You can decide or not whether you want to continue to make the sacrifices needed to help these individuals. However, it’s important to separate your desire to help from the guilt you fear will overwhelm you if you don’t. Acting out of guilt can only drain you further and ultimately make you a less effective helper.

Guilt Cause #5: Guilt that you’re doing better than someone else. The experience of survivor guilt is one recognized by professionals who work with combat veterans who outlive their fellow troops. Survivor guilt also occurs when people who lose families, friends, or neighbors in disasters themselves remain untouched or, at least, alive. Applying not only to people who live when others in the same situation have died, though, survivor guilt also characterizes those who make a better life for themselves than do their family or friends. First-generation college students, for example, often feel torn by conflicting emotions about their success in school. They want to do well (and their families want them to also), but the students themselves feel guilty that they are getting opportunities that their parents or siblings did not. To “protect” their family members, they may engage in self-destructive behaviors that ensure they won’t make it in school.  Logic would dictate that the family truly want the student to succeed (and thus bring honor to the family), but this logic is lost on the student due to survivor guilt.

Letting Go of Guilt

Since there are so many causes of guilt, and everyone is different, letting go of this negative emotion can be very difficult - and generally takes time.
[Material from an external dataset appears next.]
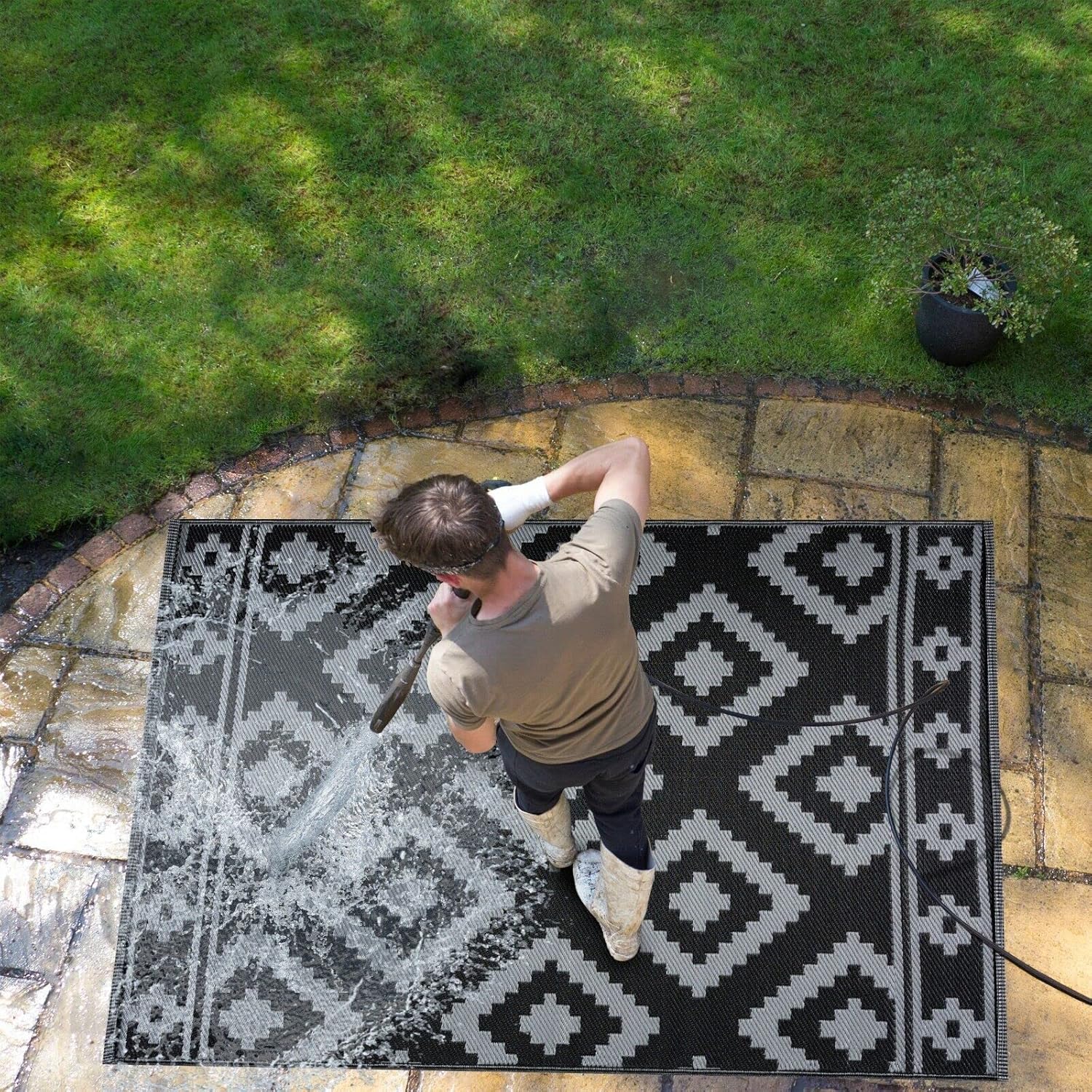 This low-maintenance outdoor mat is made of 100% recycled polypropylene and features heat-treated edge to prevent fraying. It is perfect for the beach, camper, or front porch. The material is breathable and won't damage your deck or lawn. Any outdoor area, including a patio, deck garden, beach, picnic, RV camping area, garage, or children's room, can be made more enjoyable with the help of these adaptable and practical outdoor rugs and RV patio mats.

Importantly, though, it benefits no one (with the exception of people who have not learned from it and have the potential to repeat their mistakes if they do not hold onto it).
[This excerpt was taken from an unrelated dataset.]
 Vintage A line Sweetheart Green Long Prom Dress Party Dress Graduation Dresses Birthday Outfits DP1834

While emotions like guilt can be beneficial over the short haul, because it lets us know when we are going against the grain, long-term guilt really serves no purpose.
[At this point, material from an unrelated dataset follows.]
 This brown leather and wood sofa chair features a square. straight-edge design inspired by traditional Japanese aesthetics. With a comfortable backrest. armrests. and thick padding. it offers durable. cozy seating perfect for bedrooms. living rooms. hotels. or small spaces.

So, here are some steps to take to let go of guilt:

  1. The first thing required to let go of guilt is to be fully aware that you feel guilty and recognize how you might act out unconscious guilt.
  2. Next, you must identify, as clearly as possible, why you feel guilty.  You must identify the circumstances, actions, people, or events that cause you to feel guilty.
  3. The next step is to ask yourself if your guilt is logical or not. This gives you a different perspective from which to view your actions. Ask yourself: "With the information and resources I had, did I do the best I could?" These kinds of questions may appear ridiculous with their obvious answer but they help you look at your guilt in a true light. Many times, when we say our guilt out loud or write them down, we can hear or see the illogic of them.  It is also important to accept the fact that, as human beings, we are imperfect.
  4. Ask yourself, "what was my intention when I made the decision or action I feel guilty about?"
  5. Examine your standards when they conflict with your behavior. Look back at the behavior you feel guilty about from the perspective of a compassionate, non-judgmental friend. Then see whether you would apply the same standards as before.
  6. It might also be helpful to evaluate whether you may be carrying guilt or shame from your childhood that distorts your perspective now. If your standards seem too high, you need to tell your "Inner Critic" to back off and lower these standards.
  7. If you are afraid to lower your standards of behavior, you need to weigh out the pros and cons by asking yourself in each situation, "What do I stand to gain or lose if I lower them?"
  8. If your standards seem clearly appropriate, you need to acknowledge that your guilt was reasonable. Now you can use your experience for learning and improving your behavior.
  9. Sometimes, the only answer is to ask for forgiveness from a person or from God. This helps you to forgive yourself.
  10. With meditation or engaging in a spiritual activity, you can learn to use the power of presence to create an inner atmosphere of acceptance.